Two years ago, I was driving my little brothers to music lessons. They kept chickens at the time and had to deliver one dozen eggs to some customers along the way. Then disaster struck. I saw the turn-off at the last minute and slammed on the brakes. My youngest brother had placed the egg carton precariously on the seat beside him and was not holding on to it, so it went flying off the seat and hit the floor. Most of the eggs smashed, exploding out of the carton and soaking into the floor. Instead of a dozen, their customer received three whole eggs and the rest got thrown in the ditch. When we got home several hours later, Jason helped my brother clean up the mess. They did a pretty good job, but then it was November and cold outside, so there weren’t many smells anyways.

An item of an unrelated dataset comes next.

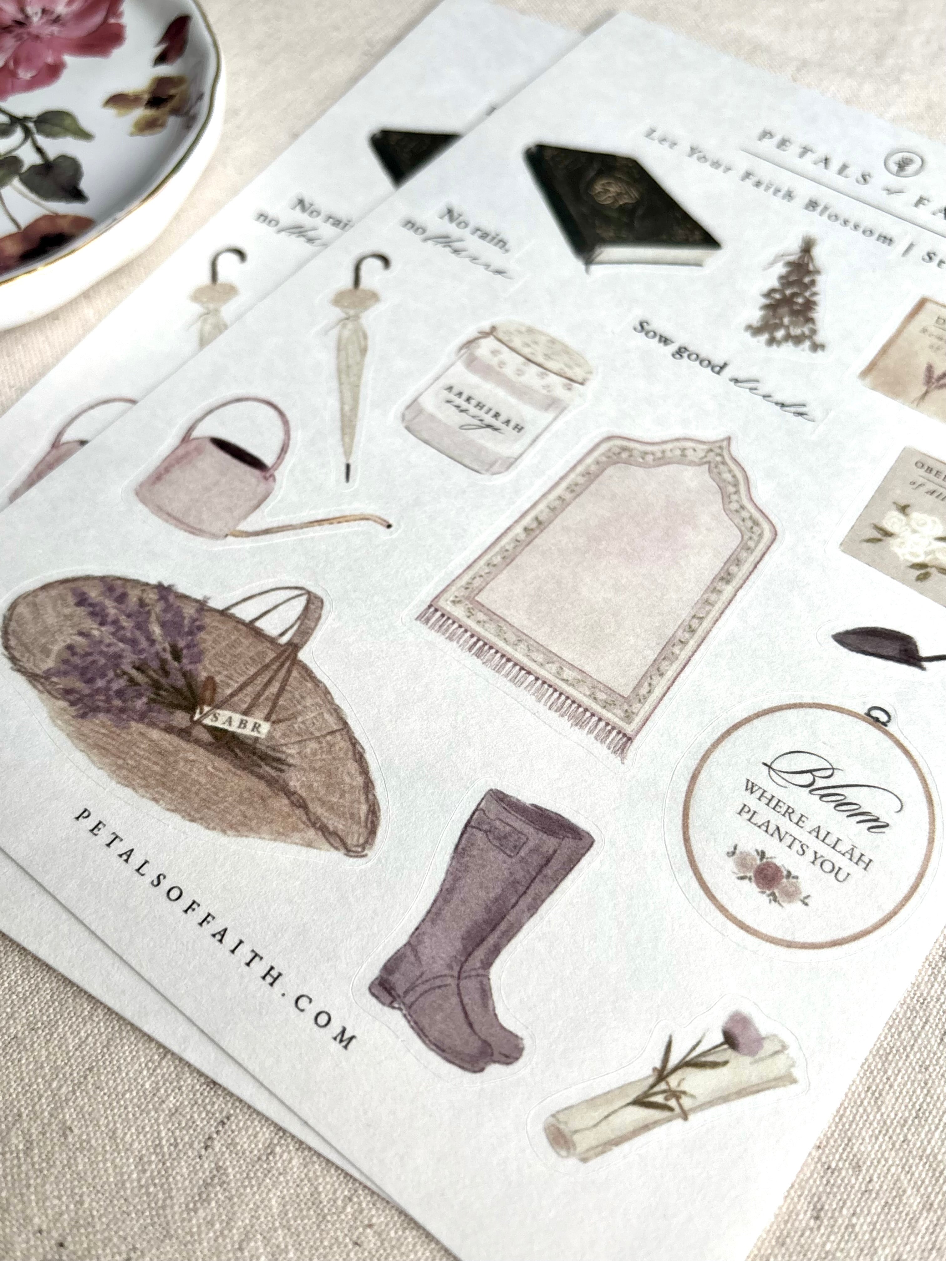 Let Your Faith Blossom | Islamic Sticker Sheet Garden theme A5 | Sabr, Bloom, No Rain, No Flowers designs
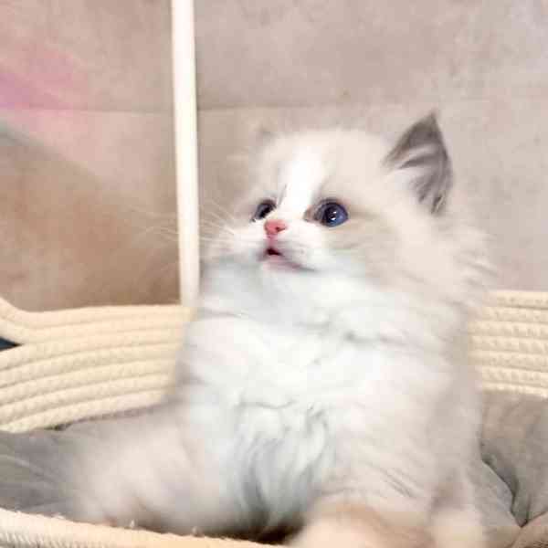 Nabízíme krásné kotě plemene Ragdoll s měkkou, nadýchanou srstí a úžasnýma modrýma očima. Toto plemeno je známé svou klidnou a něžnou povahou – a toto kotě není výjimkou.

A few weeks later, we went to Toronto for the weekend and checked into a swanky downtown hotel. The valet took our car away and parked it in the hotel’s heated underground parking garage. When it came time for us to leave, he delivered the car to the front door and hopped out of the driver’s seat with a forced smile on his face. We got in and promptly felt like gagging. The egg remnants had clearly come back to life with the help of some heat. It was freezing cold outside but we rolled down all the windows nonetheless and drove through the city with our heads hanging out. The stench was awful. Fortunately, Wayson took care of it and we’ve had no further incidents — until now.
What’s going on?! I’m usually so careful. I’ve had my fill of stinky cars after driving around in my mom’s van, which my irritated father nicknamed “the landfill site on wheels.” As a result, I vowed never to have a car that smells bad. Messy is tolerated, but odour is not. I’m mad about it, but there’s actually something concerning me much more: I really don’t want this to ruin my love of kimchi. Despite being a bit dry, I’ve already consumed a quarter of my giant container. And it’s awesome — almost worth the headache.